── Data extract
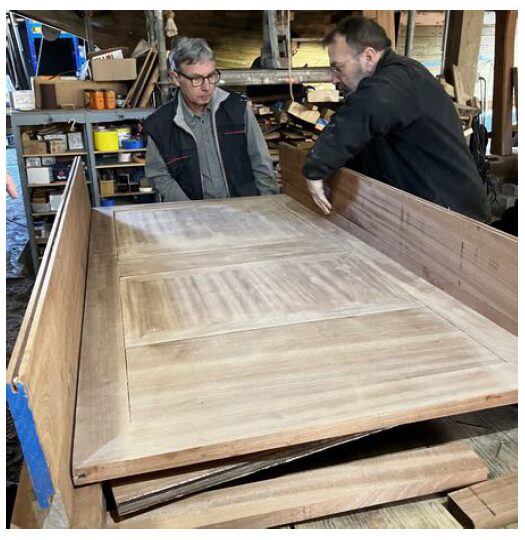 Tout d’abord il faut approvisionner du bois. Tout le bateau est construit en chêne. Pour réaliser les différentes pièces, il faut un bois ne présentant pas de nœud, ce qui nuirait à la résistance. Pour les pièces courbe des membrures il faut trouver du bois tor, qui suit à peu près la courbe de la membrure. Seuls quelques marchands très spécialisés sont capables de nous fournir cette qualité de bois. Nous sommes allés à Craon, au-delà de Chateaubriant pour nous procurer du bois auprès de la société « Le Bois Idéal ».
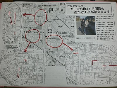 天川大島町3丁目の側溝蓋かけ工事開始、ひさ子通信(5.19)
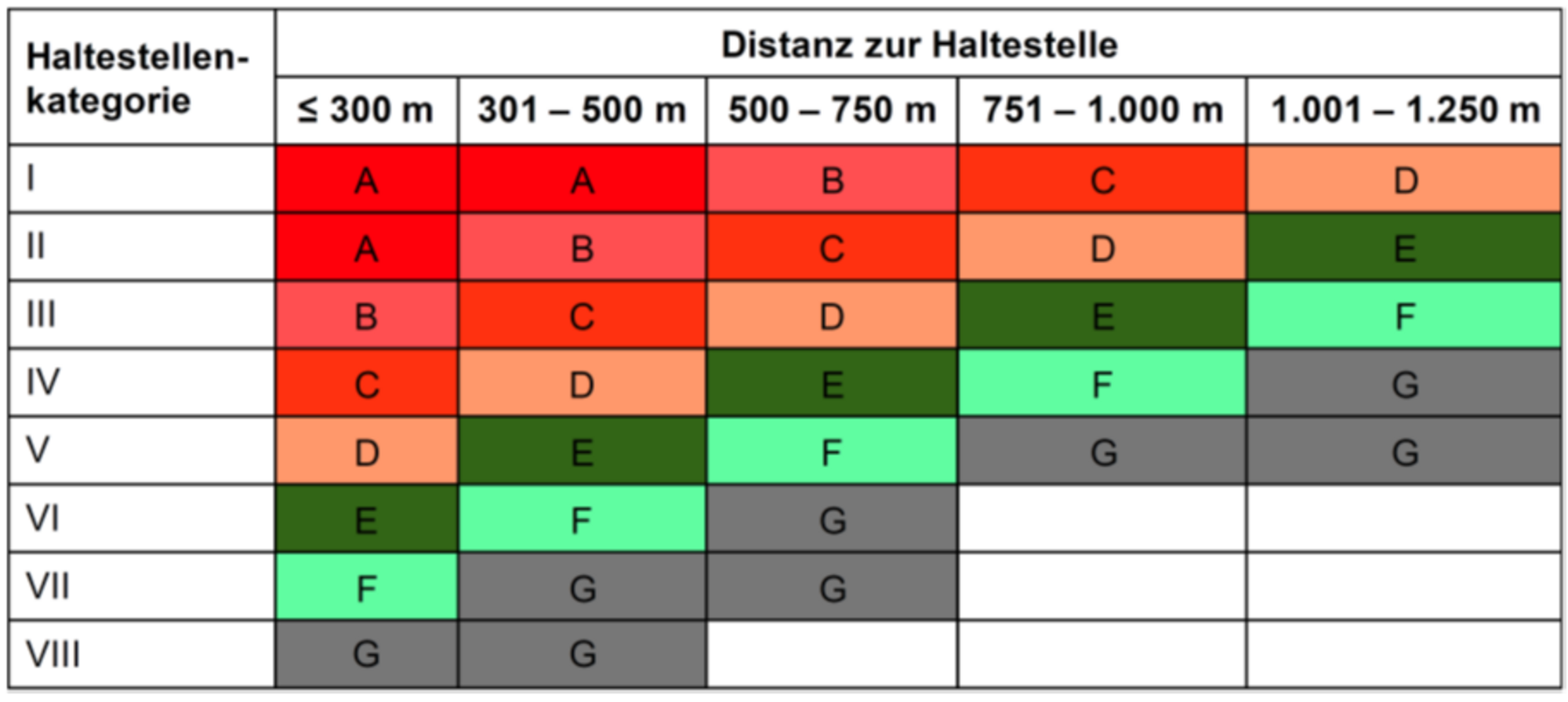 Die Güteklasse A steht für die höchstrangige ÖV-Erschließung in einem städtischen Raum, sie ist gekennzeichnet durch ein dichtes Netz, hohe Taktdichten und einer Verfügbarkeit von mehreren unterschiedlichen Verkehrsmitteln. Es folgt Klasse B, mit einer hochrangigen Erschließung, wiederum in einem urbanen Umfeld. Die Buchstaben C und D beschreiben eine sehr gute bzw. eine gute Erschließung in städtisch/ländlichen Übergangsbereichen mit ÖV-Achsen oder ÖV-Knoten. Für den ländlichen Bereich wurden drei Klassen definiert, die Güteklasse E und F (sehr gute und gute Basiserschließung) sowie die niedrigste Klasse G, diese steht für eine Basiserschließung. Anzumerken ist, dass bei der Interpretation der Güteklassen bedacht werden muss, dass eine höhere Güteklasse grundsätzlich nicht immer besser sein muss. In einem nur dünn besiedelten ländlichen Raum kann eine niedrige Güteklasse durchaus zweckmäßig sein – in einer urbanen Agglomeration jedoch keinesfalls.
────
Work instructions -> Exactly repeat the material from its first line through the line with "天川大島町3丁目の側溝蓋かけ工事開始、ひさ子通信(5.19)", including both, and leave the pictures and everything else out.

Written solution ->
 Tout d’abord il faut approvisionner du bois. Tout le bateau est construit en chêne. Pour réaliser les différentes pièces, il faut un bois ne présentant pas de nœud, ce qui nuirait à la résistance. Pour les pièces courbe des membrures il faut trouver du bois tor, qui suit à peu près la courbe de la membrure. Seuls quelques marchands très spécialisés sont capables de nous fournir cette qualité de bois. Nous sommes allés à Craon, au-delà de Chateaubriant pour nous procurer du bois auprès de la société « Le Bois Idéal ».
 天川大島町3丁目の側溝蓋かけ工事開始、ひさ子通信(5.19)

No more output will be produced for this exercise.